Build on top of the PyTorch library, TorchDrug benchmarks a variety of important tasks in drug discovery, including molecular property prediction, pretrained molecular representations, de novo molecular design and optimization, retrosynthsis prediction, and biomedical knowledge graph reasoning (Zhu et al., 2022). Therapeutics Data Commons (TDC) a platform comprised of three components, namely, 66 AI-ready datasets and 22 learning tasks for drug discovery and development, an ecosystem of tools and community resources and leaderboards for therapeutics machine learning (Huang et al., 2022). In the context of relational deep learning, ChemicalX (Rozemberczki et al., 2022) is a deep learning library for drug-drug interactions, polypharmacy side effect, and synergy predictions. Its deep neural network architecture can be used to solve the drug pair scoring task. By predicting the outcome of administering two drugs together in a biological or chemical context (ChemicalX, 2022). In the area of genomic deep learning, a tool that is envisioned to facilitate drug discovery is Graphein (Jamasb et al., 2020). It is a tool for transforming raw data from widely-used bioinformatics databases into machine learning-ready datasets. It is a Python library for constructing graph and surface-mesh representations of protein structures and biological interaction networks for computational analysis. The use cases in this example illustrate how chemical libraries can be interfaced with AI-based tooling to answer early phase drug development questions. The missing element in these efforts in the appropriateness of the various “AI-ready datasets” described above to certain, specific contexts of use across a variety of target therapeutic areas and drug targets. Likewise, the incremental benefit of augmented such data with data from a drug sponsor is not known. Both of these aspects could be accommodated within the confines of a sponsor-governed and owned DRE in which the such libraries could co-exist and in which software and tooling could be directly deployed within a DRE workspace or run within a virtual machine that is deployed in a DRE workspace.

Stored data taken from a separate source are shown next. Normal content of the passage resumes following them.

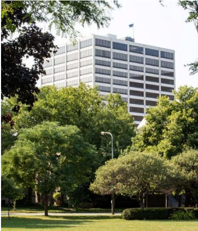
สำนักงานใหญ่โลกโรตารีสากลที่เมือง อีฟเวนสตัน รัฐอิลลินอยส์ สหรัฐอเมริกา

มีบุคลากรของโรตารีซึ่งเป็นที่รู้จักในนาม สำนักเลขธิการ (Secretariat) ทำหน้าที่ สนับสนุนสมาชิก สโมสร ภาค ผู้เข้าร่วม โปรแกรมและศิษย์เก่า ปัจจุบันมีบุคลากร มากกว่า 800 คนปฏิบัติงานอยู่ในสำนักงาน หลายแห่งทั่วโลกเพื่อให้โรตารีสากลและ มูลนิธิโรตารีดำเนินงานได้อย่างราบรื่นมี ประสิทธิภาพ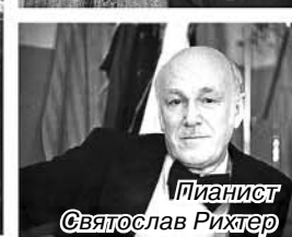
Пианист Святослав Рихтер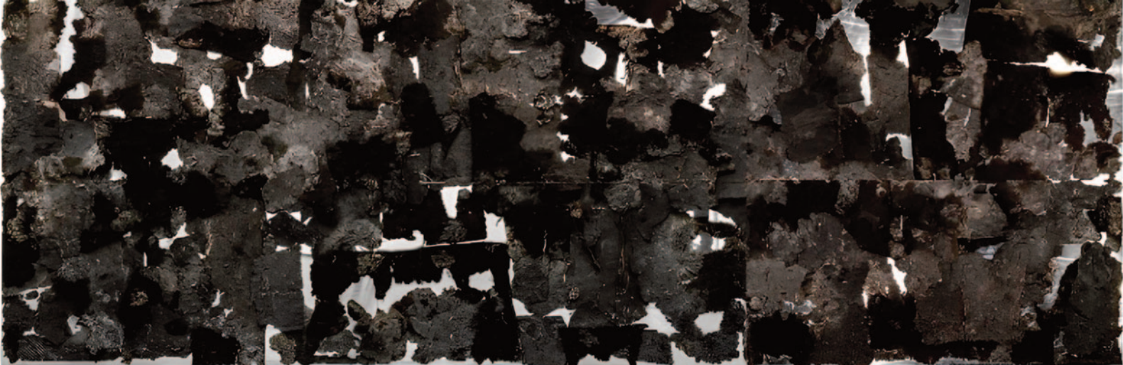
Arranjo em cinza e prata, 2019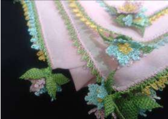
Fotoğraf: 13, Raşan Nur Şahin Tarafından Yapılmış Yemeni Süslemesi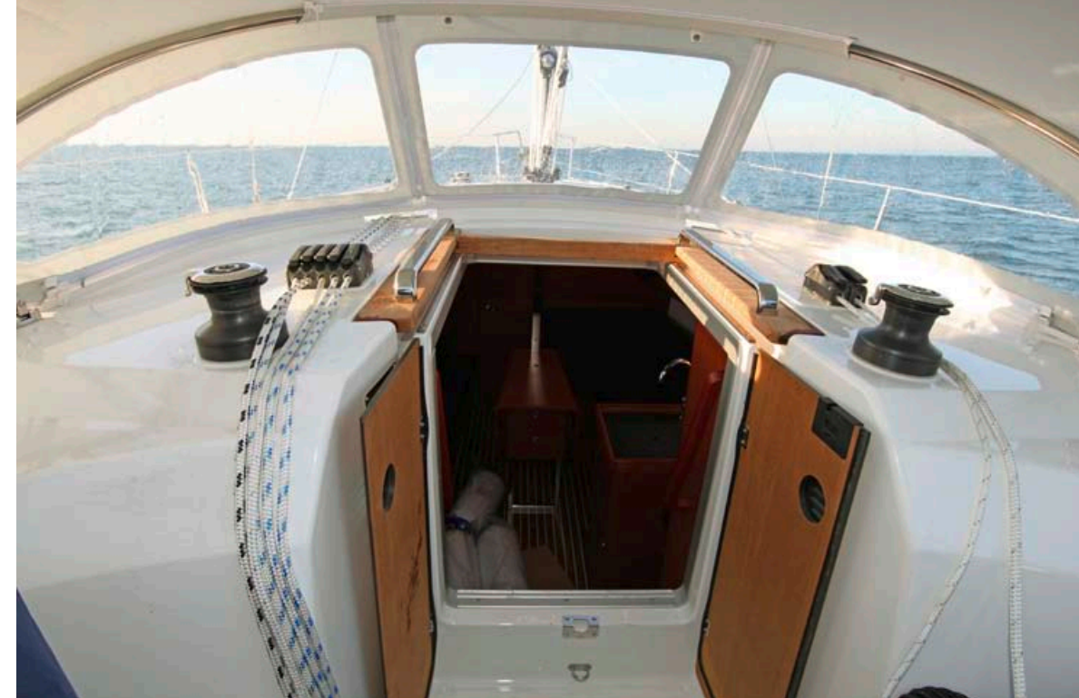
← Vrat v notranjost ne bo treba pospravljati, saj so krilna.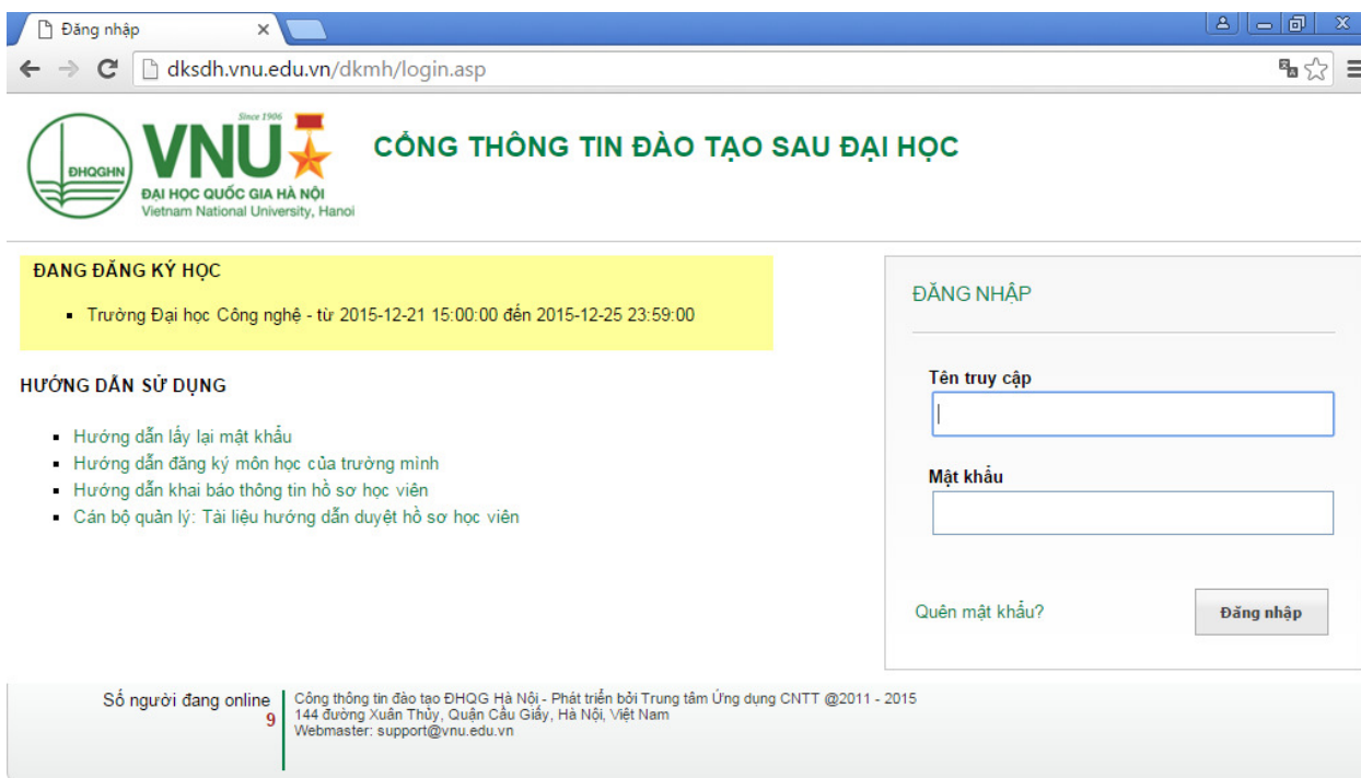
Hình 2: Giao diện đăng nhập của hệ thống

Người học đăng nhập vào hệ thống để đăng ký môn học bằng cách nhập tên người dùng và mật khẩu vào khung “đăng nhập hệ thống”, sau đó nhấn nút “ Enter ” (hoặc click vào nút “ Đăng nhập ”)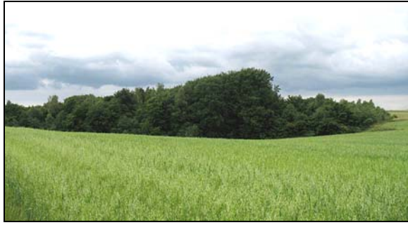
Fot. 4. Płat kwaśnej buczyny niżowej na tle rolniczego użytkowania obszaru

Photo 4. Patch of Deschampsio flexuosae-Fagetum typicum against a background of agricultural land use of the area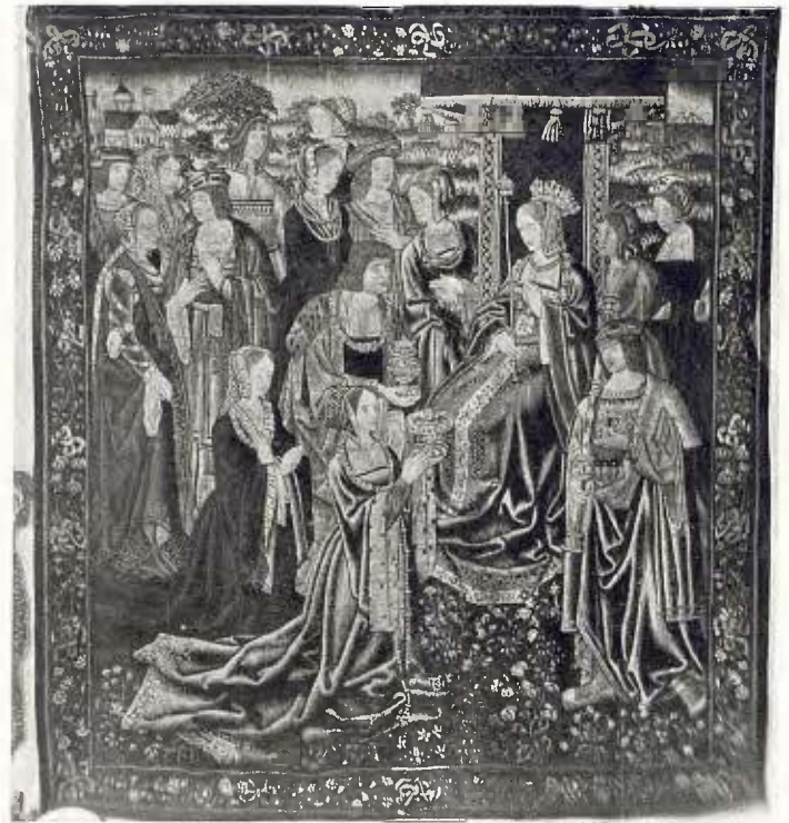
Asuero Esther, drap d'Arràs - Darreries del segle xv 38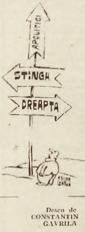
Desen de CONSTANTIN GAVRILA

Culese și adaptate de Dr. GH. MĂRII Deva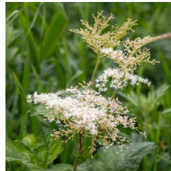
オニシモツケ (パンケ沼園地)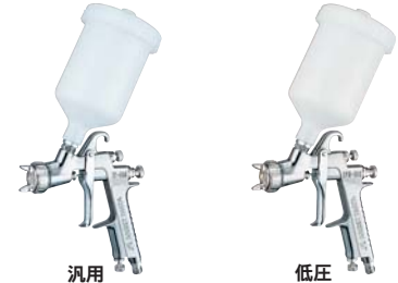
汎用 センターカップ スプレーガン W-400-142G 重力式 PCG-6P-M カップ取付例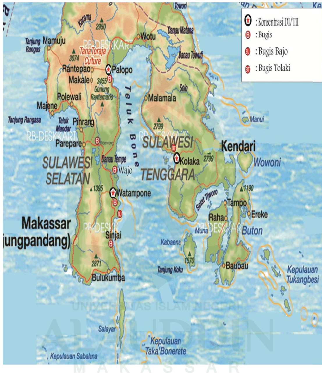
Gambar. 1 Peta Teluk Bone dan Persebaran Penduduk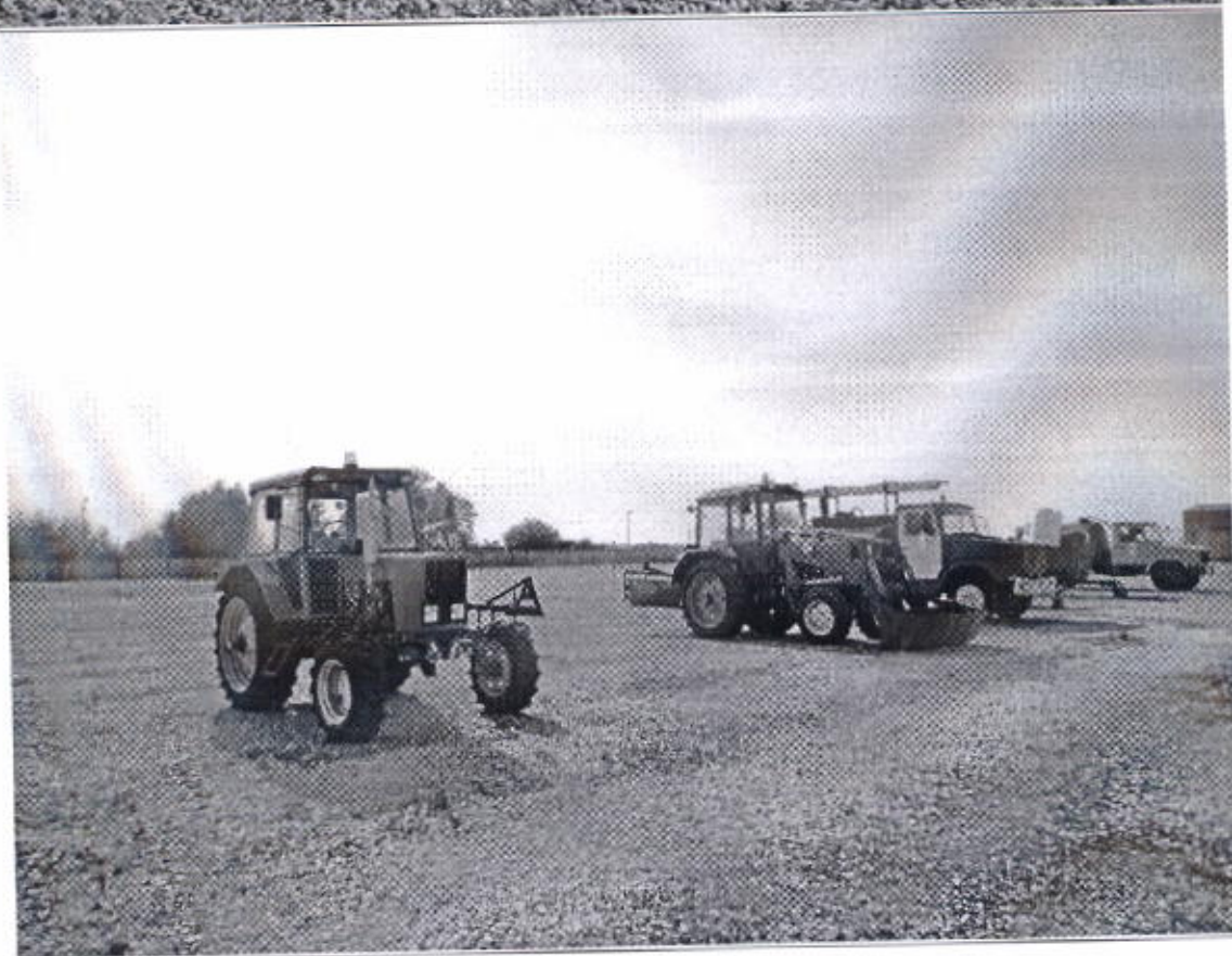
Фото сделаны фотоаппаратом Sony DSC-W350 инв.№5040355, 15.09.2015 года на территории земельного участка, расположенного по адресу: Московская область, Балашихинский район, д. Черное, владение 172 с кадастровым номером 50:15:0000000:131519, площадью 35141 кв.м., принадлежащий ООО "Сенатор", на праве собственности.

главный специалист отдела земельных отношений Управления имущественных отношений Администрации г.о. Балашиха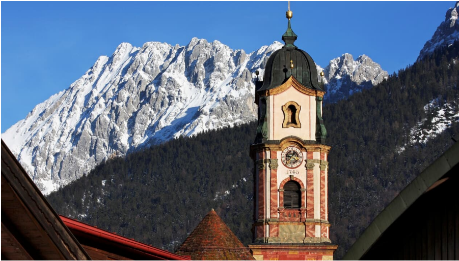
Kirche St. Peter&Paul zu Mittenwald mit Wörner

Die Pfarrkirche St. Peter und Paul ist eine alte Barockkirche im Herzen von Mittenwald und wurde im Jahre 1746 nach circa zehnjähriger Bauzeit fertiggestellt.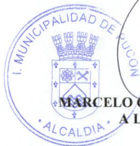
MARCELO CONCHA VILLAGRA ALCALDE(S)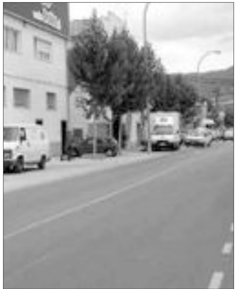
El estudio, realizado a empresarios locales, será presentado en septiembre

Actualmente, IBIAE está estudiando un acuerdo que tiene pendiente con dos empresas de seguridad locales. Teniendo en cuenta las necesidades reales de los industriales, entonces se contratarán los servicios de ambas firmas.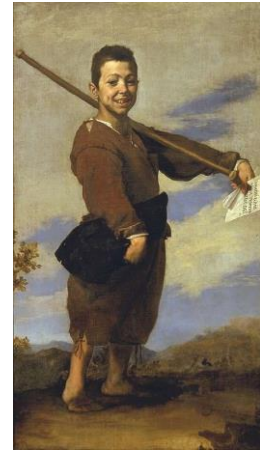
El Patizambo (José Ribera)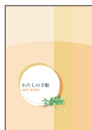
胃がん 手帳 地域連携パス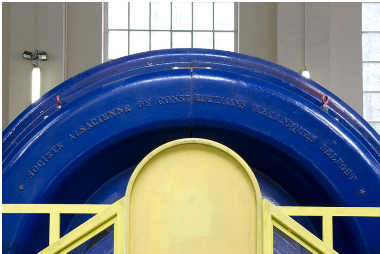
Groupe n° 2 : inscription sur le capot de l'alternateur.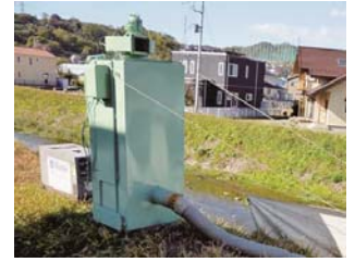
写真-7 集塵機の設置例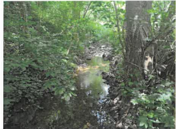
8. Борско језеро – притока Ваља Жони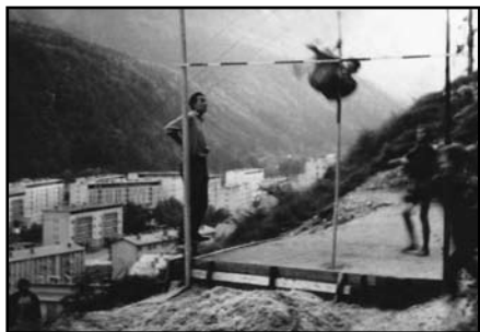
Murovske igre leta 1964 (Franci Šranc)

Nogomet smo igrali na oddaljenem travniku. Poleti 1964 smo otroci pod gozdom, imenovanim mali Cikel, s prostovoljnimi delom uredili velik prostor za trening atletike in tam organizirali murovske igre, v okviru katerih smo tekmovali v skoku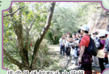
導賞員講解野生中草藥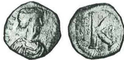
Justinus I., 20 Nummi MIBE N56: Kyz., Off. B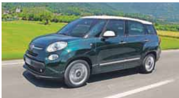
Če ste kot voznik dozoreli ...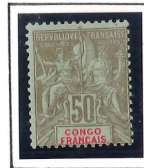
50c. bistre et azure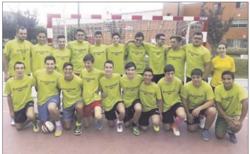
Futsal Ibi Juvenil 'B'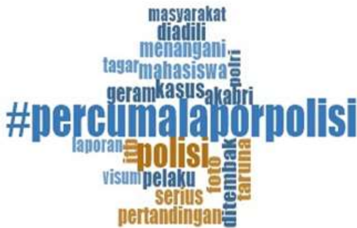
Gambar 2. Visualisasi wordcloud untuk kata-kata yang sering digunakan #percumalaporpolisi

Wawasan akurat dari media sosial seperti Twitter, dapat diperoleh jika pengguna melihat tweet yang muncul di Twitter setiap hari. Karena banyaknya tweet dan pertumbuhan yang cepat, tidak mungkin melakukan ini secara manual tanpa bantuan alat berbasis komputer. Peneliti menggunakan teknik pengumpulan data yang ditangkap melalui Ncapture sehingga menghasilkan data yang berisi berbagai kegiatan yang dilakukan dengan menggunakan #percumalaporpolisi. Fitur Ncapture digunakan oleh peneliti karena memungkinkan peneliti untuk secara bersamaan memperoleh tweet yang diunggah oleh pengguna Twitter, sehingga dalam penelitian ini tweet dikumpulkan dengan memanfaatkan fasilitas ini. Analisis teks tweet pertama adalah analisis frekuensi kemunculan kata.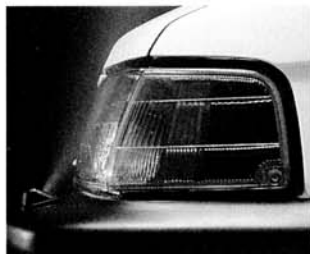
Scheinwerfer-Waschanlage - beim JUSTY 1200 mit Kat.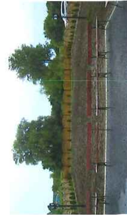
Plac za świetlicą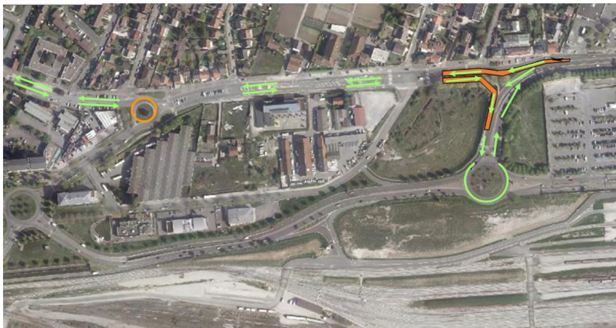
Figure 4 : solution transitoire proposée pour une issue « Est » de l'avenue du Gendarme Castermant

Une déviation est créée entre l'extrémité est de la section de la section de l'avenue Castermant concernée, ouvrant la voie « sud » du futur boulevard urbain sur la déviation de l'ex RN34 et permettant de rejoindre la continuité de l'avenue du Gendarme Castermant en remontant après avoir emprunté le giratoire desservant le parking aérien bas du centre commercial Terre-Ciel.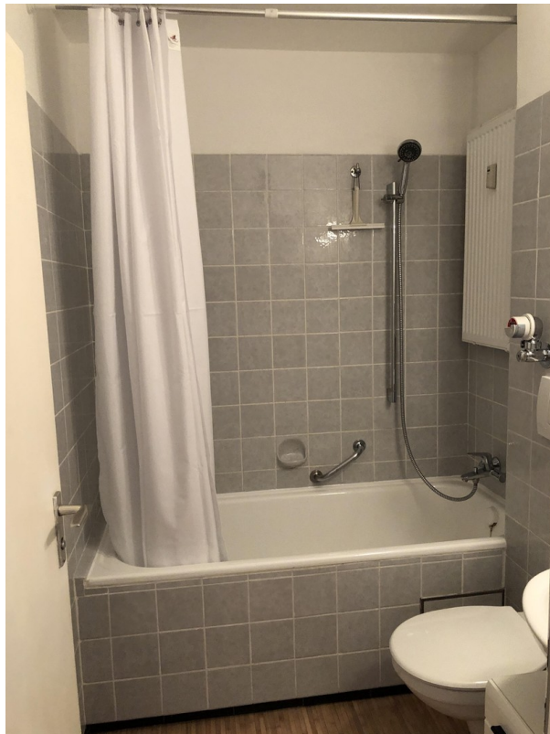
Bad - Bild 1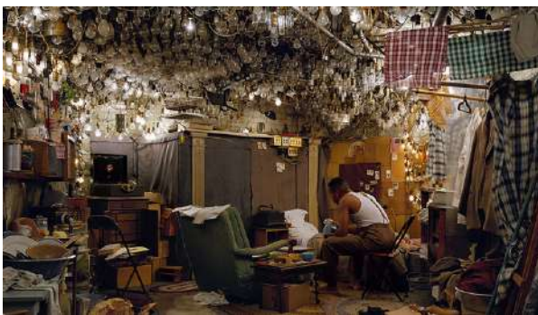
After Invisible Man by Ralph Ellison, the Prologue , Jeff Wall

Seul en scène d'un personnage féminin, entre fiction et réalité, danse et chant, qui aborde notre capacité profonde à la métamorphose et à la transformation.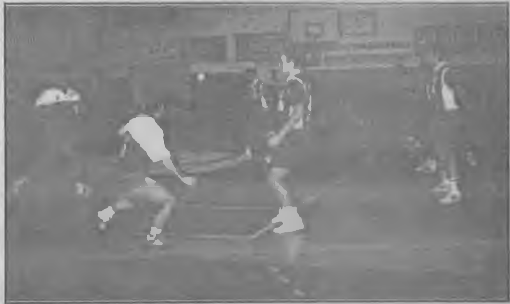
Δuo νίκες θέλει στα πλεϊ-σφ ο Φίλιππος κόντρα στον Λούκα για να ιεράσει στην διεκδίκηση της πρώτης θέσης.

DRE requirements for AI/ML data exploitation and collaboration

Data requirements

Despite some misconceptions about the ability to simply drop an army of messy data into a generic file repository, run some algorithms, and receive magical insights, data requirements for efficient, effective AI and ML models are significant (Paullada et al., 2021). When biotech companies outsource AI projects in the drug discovery phase, they often ship their proprietary data off to external vendor platforms to be transformed and standardized as needed for aggregation with subsets from open-source data repositories. In addition to the risk of data leakage, companies lose visibility into the data curation work and may have a loose connection to its provenance. This situation creates potential for unintended costs in time, insights, and money in several ways. Different vendor teams may be repeating the same data cleaning each time and charging proportionately, or they may choose to leave data as it is received but charge for the excessive compute resources needed to analyze messy data. In some cases, messy data give insights but take longer to process, and in other cases the messy data produce noisy and unhelpful mathematical results.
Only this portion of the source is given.